### Given material:

****************************************

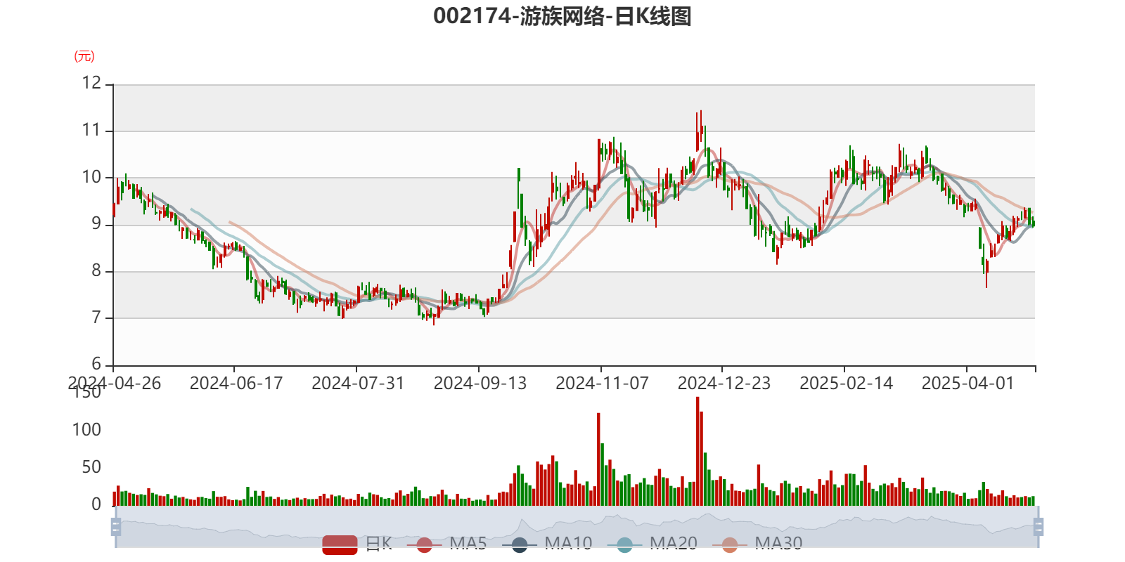 中证智能财讯游族网络(002174)4月26日披露2024年年度报告。2024年,公司实现营业总收入14.34亿元,同比下降11.75%;归母净利润亏损3.86亿元,上年同期盈利9136.52万元;扣非净利润亏损1.91亿元,上年同期盈利7489.35万元;经营活动产生的现金流量净额为3646.06万元,上年同期为-2.3亿元;报告期内,游族网络基本每股收益为-0.43元,加权平均净资产收益率为-8.78%。
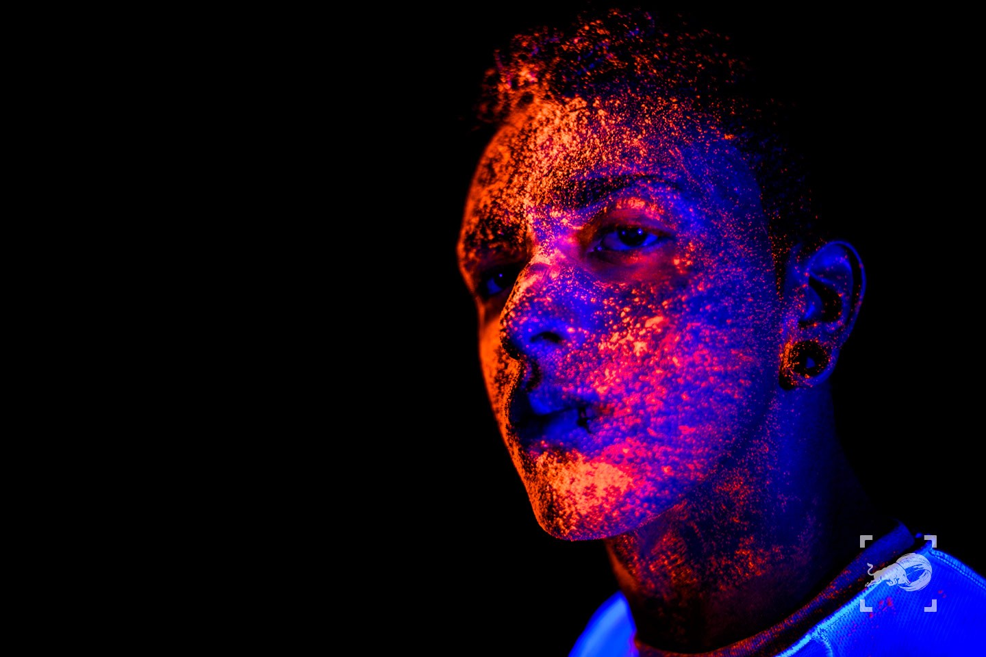 A base de luz ultravioleta ha creado Black Light (como también se conoce ese tipo de luz), el nombre de un proyecto en el que ha trabajado con esta difícil fuente de iluminación. Es un tipo de luz muy poco intensa, que solo permite fotografiar ciertos tipos de colores y materiales, con lo que trabajar con ella es muy complejo. Red Bull confió en su idea.
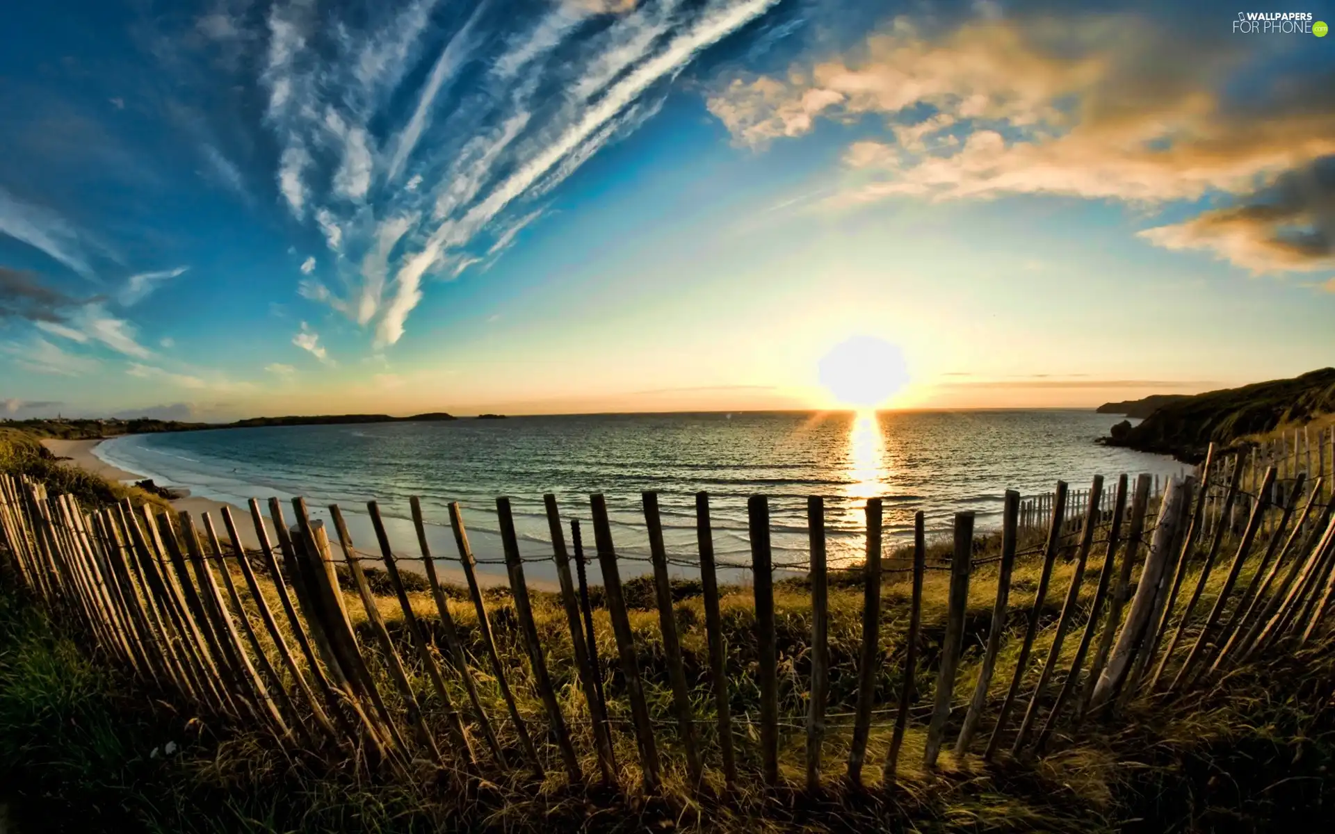 horizon, fence, sea

****************************************

### Assignment:
Return all the data exactly, and keep the pictures out.

### Result of this exercise:
 中证智能财讯游族网络(002174)4月26日披露2024年年度报告。2024年,公司实现营业总收入14.34亿元,同比下降11.75%;归母净利润亏损3.86亿元,上年同期盈利9136.52万元;扣非净利润亏损1.91亿元,上年同期盈利7489.35万元;经营活动产生的现金流量净额为3646.06万元,上年同期为-2.3亿元;报告期内,游族网络基本每股收益为-0.43元,加权平均净资产收益率为-8.78%。
 A base de luz ultravioleta ha creado Black Light (como también se conoce ese tipo de luz), el nombre de un proyecto en el que ha trabajado con esta difícil fuente de iluminación. Es un tipo de luz muy poco intensa, que solo permite fotografiar ciertos tipos de colores y materiales, con lo que trabajar con ella es muy complejo. Red Bull confió en su idea.
 horizon, fence, sea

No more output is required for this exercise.